In 1974, he earned a B.A. in literature from the University of California, San Diego. In 1975, he earned an M.A. in English from Boston University. In 1978 Robinson moved to Davis, California, to take a break from his graduate studies at the University of California, San Diego (UC San Diego). During this time, he worked as a bookseller for Orpheus Books. He also taught freshman composition and other courses at University of California, Davis.

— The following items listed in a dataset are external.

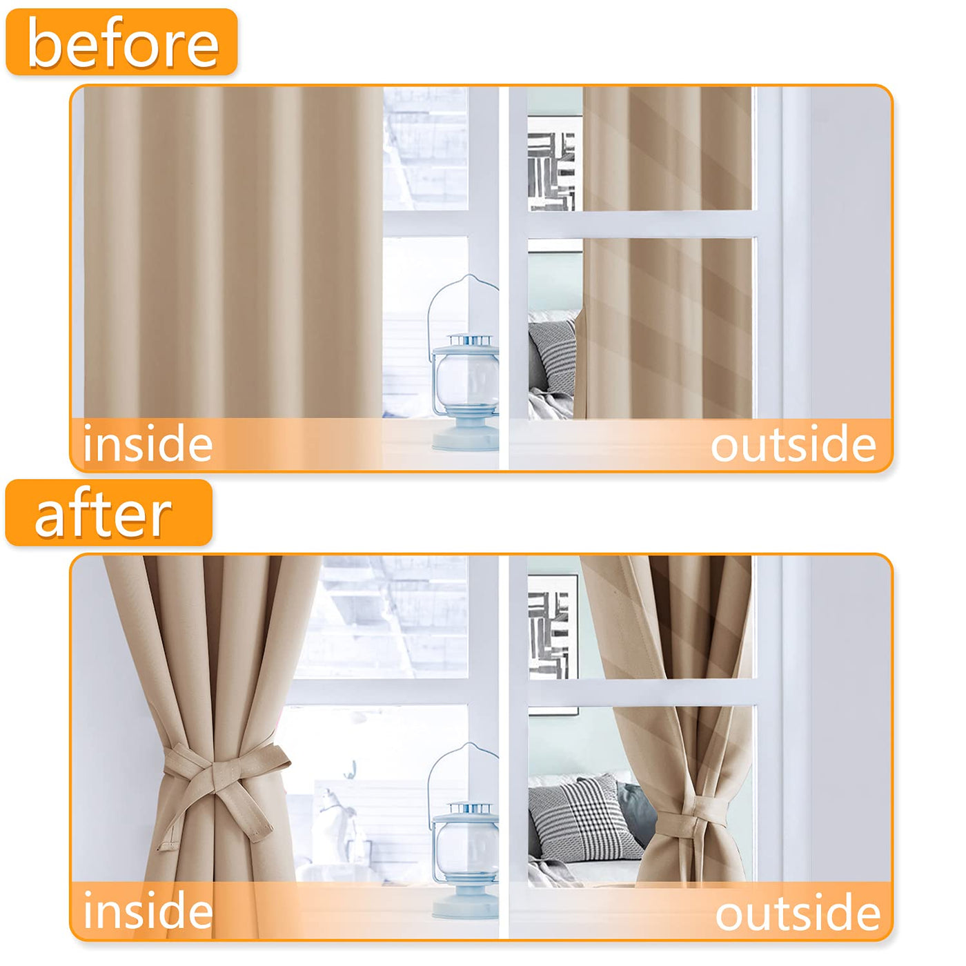 Blackout curtains with 2 tiebacks, help keep your curtains open with minimal effort. You can reduce extra expenses for your window treatments. To tie the two ends of the tiebacks together and then adjust it according to the thickness of your curtain. These heavy blackout curtains offer a contemporary solution for holding drapes without the need for tools or drilling holes into trim or walls.
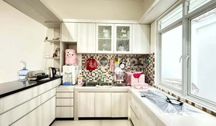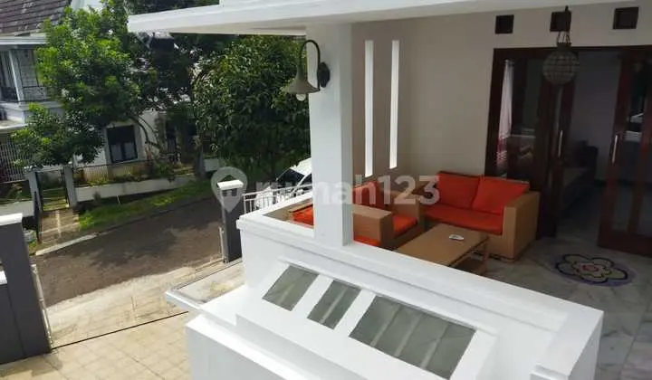 Beautiful and serene house for sale in Bukit Golf Riverside Cibubur Land area 212m2 (14m2 x 15m2) Building area 120m2 Hook 1 1/4 floors 2200 watts...
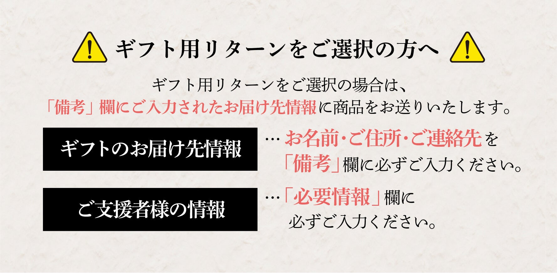ご希望の方は、「ギフト用」と記載のリターンをご選択くださいませ。

In 1982, Robinson earned a PhD in English from UC San Diego. His initial PhD advisor was literary critic and Marxist scholar Fredric Jameson, who told Robinson to read works by Philip K. Dick. Jameson described Dick to Robinson as "the greatest living American writer". Robinson's doctoral thesis, The Novels of Philip K. Dick, was published in 1984 and a hardcover version was published by UMI Research Press.

Career
In 2009, Robinson was an instructor at the Clarion Workshop. In 2010, he was the guest of honor at the 68th World Science Fiction Convention, held in Melbourne. In April 2011, Robinson presented at the second annual Rethinking Capitalism conference, held at the University of California, Santa Cruz. Among other points made, his talk addressed the cyclical nature of capitalism.

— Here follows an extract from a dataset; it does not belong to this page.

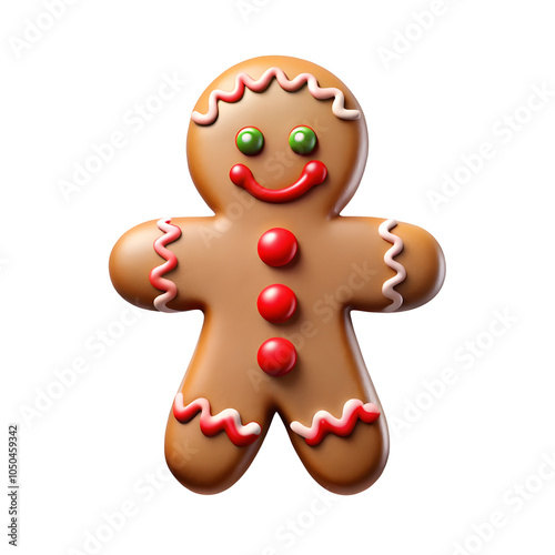 Gingerbread man cookie with colorful icing on a transparent or white isolated background.

Robinson was appointed as a Muir Environmental Fellow in 2011 by John Muir College at UC San Diego.

Major themes

Nature and culture
Sheldon Brown described Robinson's novels as ways to explore how nature and culture continuously reformulate one another; Three Californias Trilogy as California in the future; Washington DC undergoing the impact of climate change in the Science in the Capital series; or Mars as a stand-in for Earth in the Mars trilogy to think about re-engineering on a global scale, both social and natural conditions.

Ecological sustainability
Virtually all of Robinson's novels have an ecological component; sustainability is one of his primary themes (a strong contender for the primary theme would be the nature of a plausible utopia). The Orange County trilogy is about the way in which the technological intersects with the natural, highlighting the importance of keeping the two in balance. In the Mars trilogy, one of the principal divisions among the population of Mars is based on dissenting views on terraforming. Colonists debate whether or not the barren Martian landscape has a similar ecological or spiritual value when compared with a living ecosphere like Earth's. Forty Signs of Rain has an entirely ecological thrust, taking global warming as its principal subject.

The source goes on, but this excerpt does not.